» **Collection entries**:
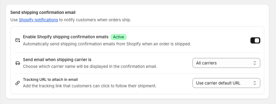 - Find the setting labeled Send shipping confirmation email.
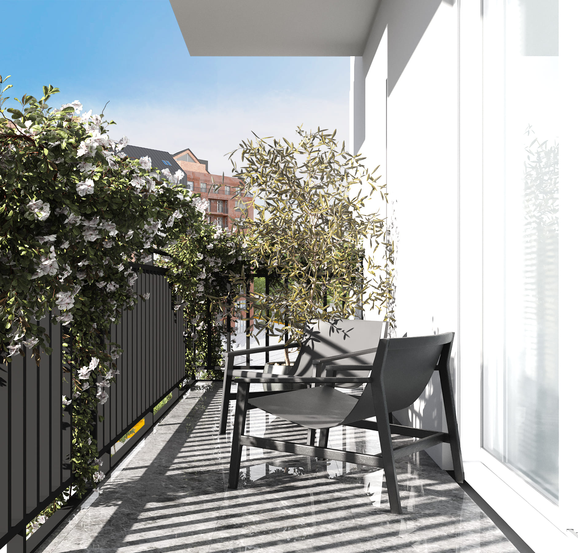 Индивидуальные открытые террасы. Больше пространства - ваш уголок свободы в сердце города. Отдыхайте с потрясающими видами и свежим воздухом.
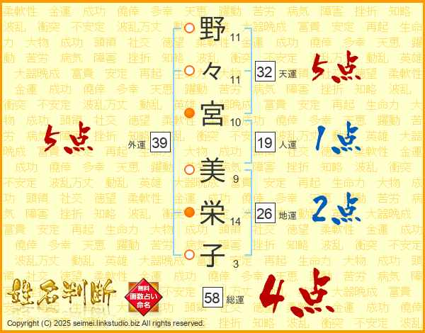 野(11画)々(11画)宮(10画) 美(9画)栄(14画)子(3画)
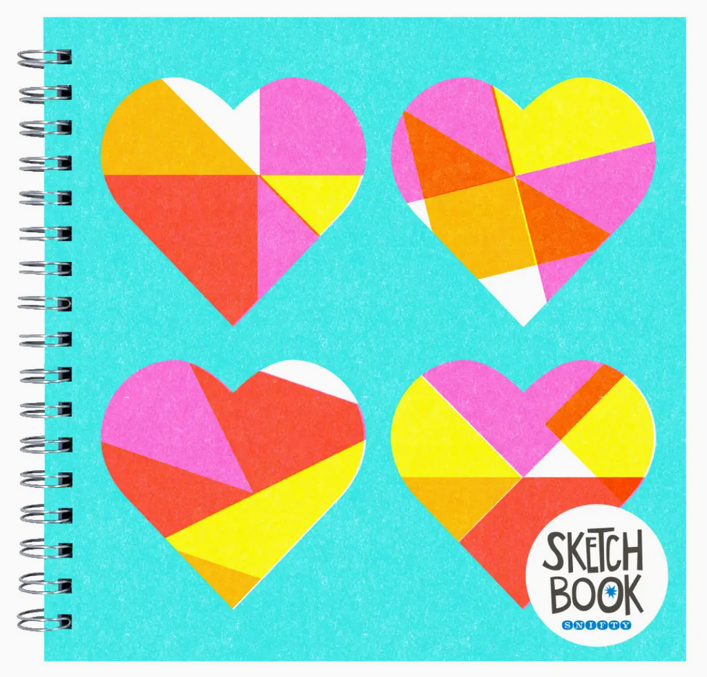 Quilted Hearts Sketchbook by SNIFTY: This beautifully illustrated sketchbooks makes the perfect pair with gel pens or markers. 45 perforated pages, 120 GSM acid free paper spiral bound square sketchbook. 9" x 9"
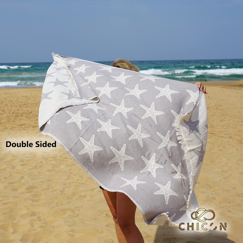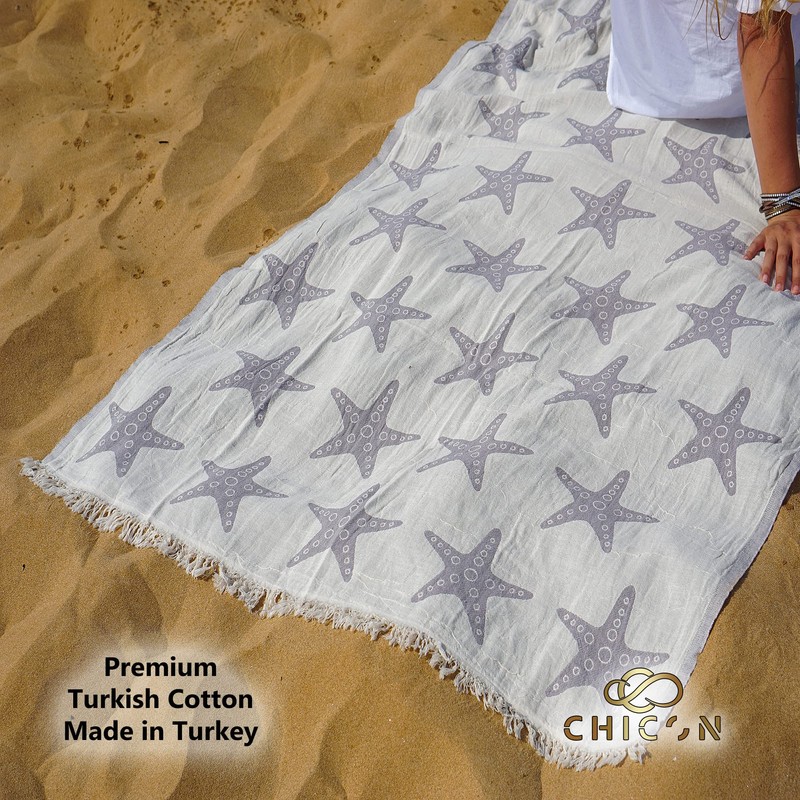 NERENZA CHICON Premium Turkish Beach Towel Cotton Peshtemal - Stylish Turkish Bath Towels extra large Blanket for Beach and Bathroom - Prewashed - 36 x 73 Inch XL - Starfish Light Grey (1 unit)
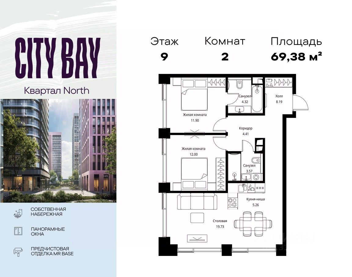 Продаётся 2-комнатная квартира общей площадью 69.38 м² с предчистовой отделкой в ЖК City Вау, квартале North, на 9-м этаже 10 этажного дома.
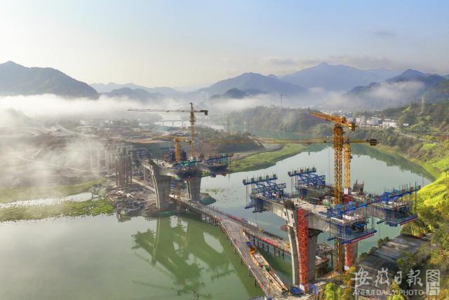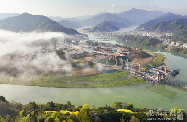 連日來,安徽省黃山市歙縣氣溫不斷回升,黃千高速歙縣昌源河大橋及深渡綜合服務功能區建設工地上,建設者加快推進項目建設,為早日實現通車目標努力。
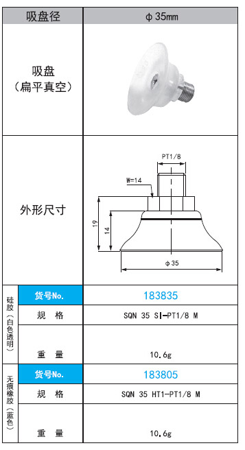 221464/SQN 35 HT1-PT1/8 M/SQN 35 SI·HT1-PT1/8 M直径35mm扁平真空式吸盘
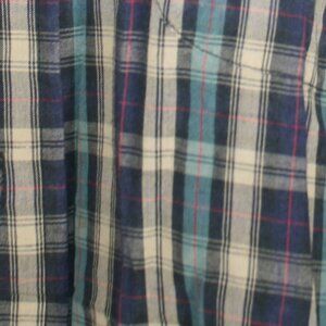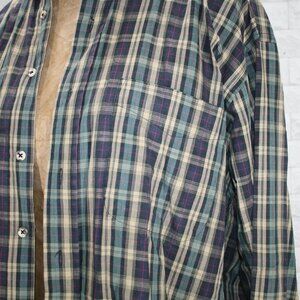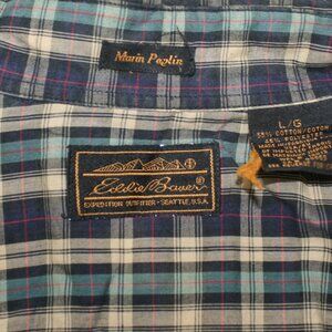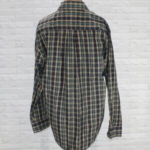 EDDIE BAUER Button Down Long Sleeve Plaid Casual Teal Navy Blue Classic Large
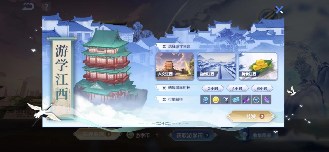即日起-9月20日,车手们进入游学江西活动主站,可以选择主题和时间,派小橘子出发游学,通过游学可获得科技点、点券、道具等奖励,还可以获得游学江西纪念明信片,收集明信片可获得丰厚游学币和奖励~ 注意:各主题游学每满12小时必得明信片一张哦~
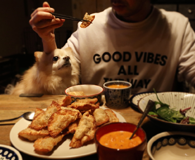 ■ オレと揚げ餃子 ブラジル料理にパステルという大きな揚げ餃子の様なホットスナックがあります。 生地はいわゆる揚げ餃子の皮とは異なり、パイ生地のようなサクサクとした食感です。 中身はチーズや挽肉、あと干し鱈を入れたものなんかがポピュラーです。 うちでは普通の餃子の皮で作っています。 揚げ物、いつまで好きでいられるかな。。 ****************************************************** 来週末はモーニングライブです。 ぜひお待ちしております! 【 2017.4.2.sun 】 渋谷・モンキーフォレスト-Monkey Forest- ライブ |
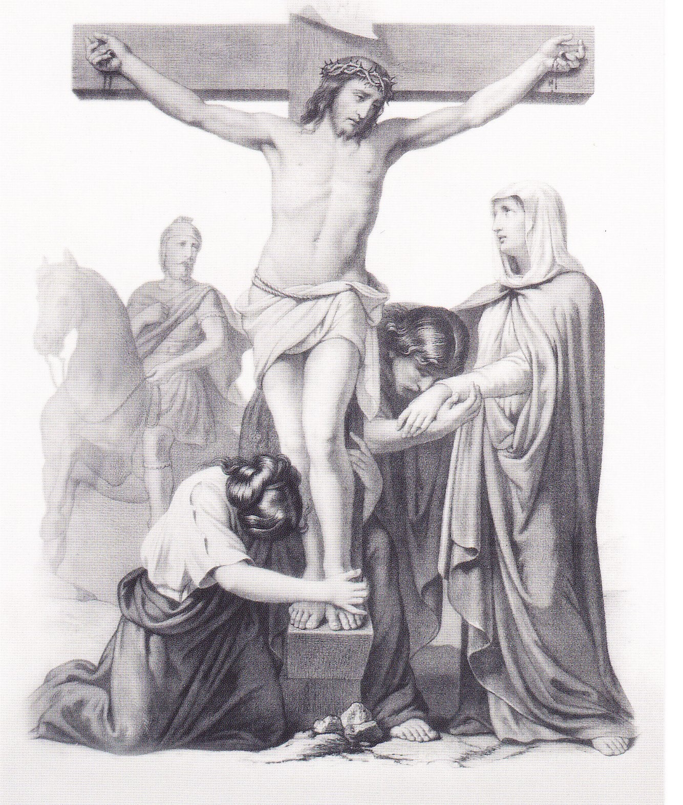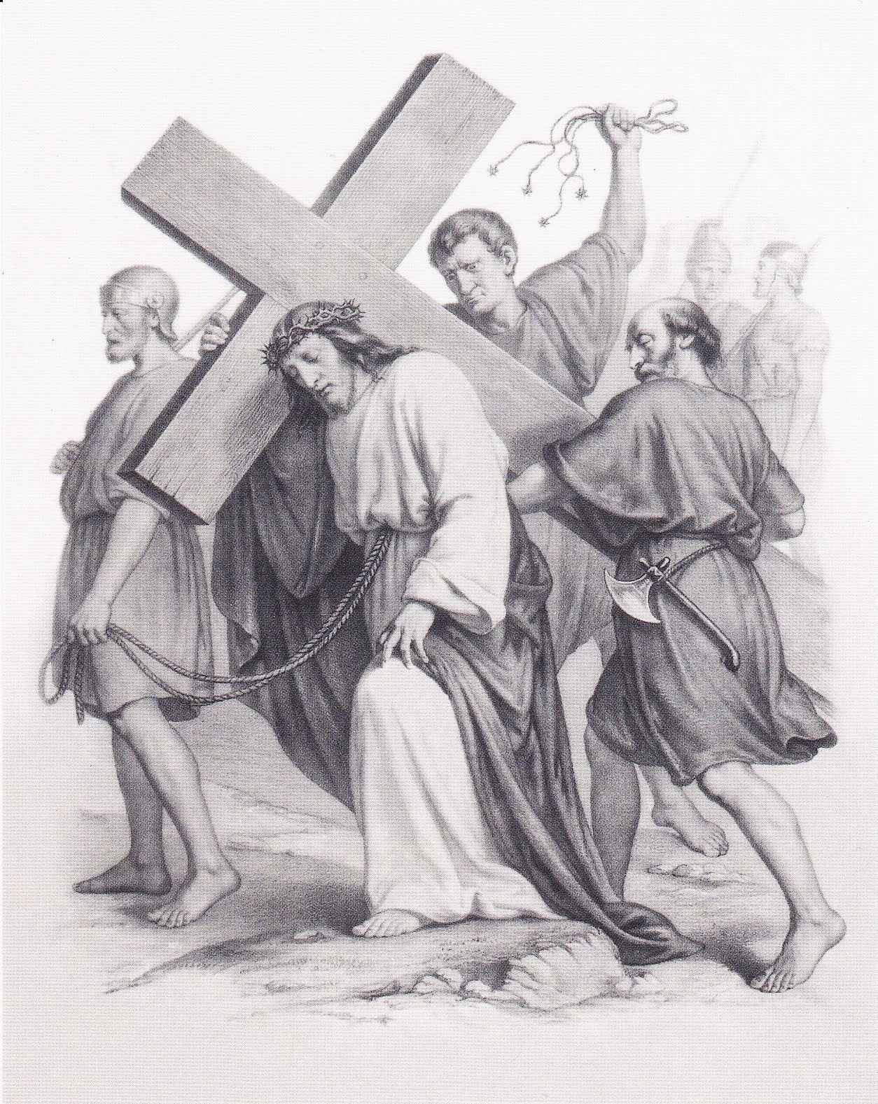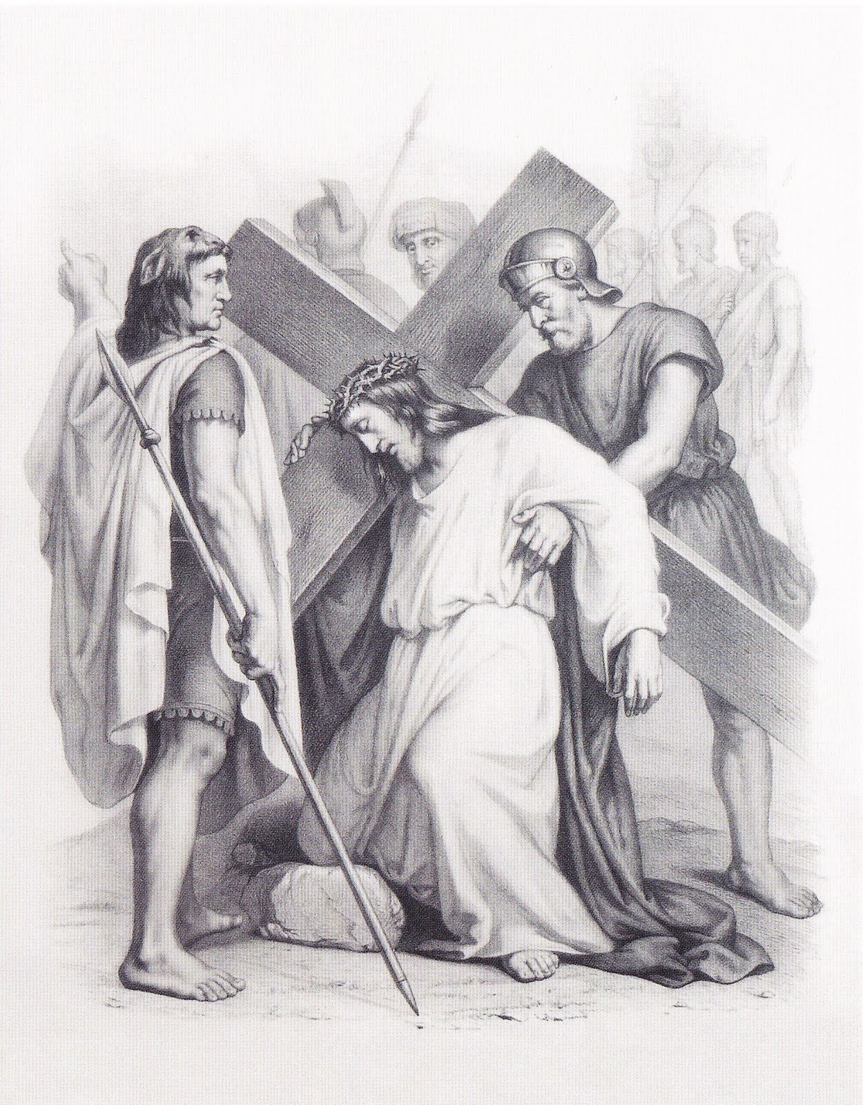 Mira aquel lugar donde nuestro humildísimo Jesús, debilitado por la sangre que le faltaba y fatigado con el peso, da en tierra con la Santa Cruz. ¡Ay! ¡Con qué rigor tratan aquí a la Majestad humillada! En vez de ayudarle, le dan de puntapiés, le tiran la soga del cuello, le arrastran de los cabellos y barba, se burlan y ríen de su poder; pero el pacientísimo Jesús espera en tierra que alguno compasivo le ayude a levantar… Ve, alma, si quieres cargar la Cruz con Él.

» **Work instructions**: Leave out every picture, and write out exactly the lines from the one with "EDDIE BAUER Button" through the end of the records above, both ends included.

» **Response to the exercise**:
 EDDIE BAUER Button Down Long Sleeve Plaid Casual Teal Navy Blue Classic Large
即日起-9月20日,车手们进入游学江西活动主站,可以选择主题和时间,派小橘子出发游学,通过游学可获得科技点、点券、道具等奖励,还可以获得游学江西纪念明信片,收集明信片可获得丰厚游学币和奖励~ 注意:各主题游学每满12小时必得明信片一张哦~
 ■ オレと揚げ餃子 ブラジル料理にパステルという大きな揚げ餃子の様なホットスナックがあります。 生地はいわゆる揚げ餃子の皮とは異なり、パイ生地のようなサクサクとした食感です。 中身はチーズや挽肉、あと干し鱈を入れたものなんかがポピュラーです。 うちでは普通の餃子の皮で作っています。 揚げ物、いつまで好きでいられるかな。。 ****************************************************** 来週末はモーニングライブです。 ぜひお待ちしております! 【 2017.4.2.sun 】 渋谷・モンキーフォレスト-Monkey Forest- ライブ |
 Mira aquel lugar donde nuestro humildísimo Jesús, debilitado por la sangre que le faltaba y fatigado con el peso, da en tierra con la Santa Cruz. ¡Ay! ¡Con qué rigor tratan aquí a la Majestad humillada! En vez de ayudarle, le dan de puntapiés, le tiran la soga del cuello, le arrastran de los cabellos y barba, se burlan y ríen de su poder; pero el pacientísimo Jesús espera en tierra que alguno compasivo le ayude a levantar… Ve, alma, si quieres cargar la Cruz con Él.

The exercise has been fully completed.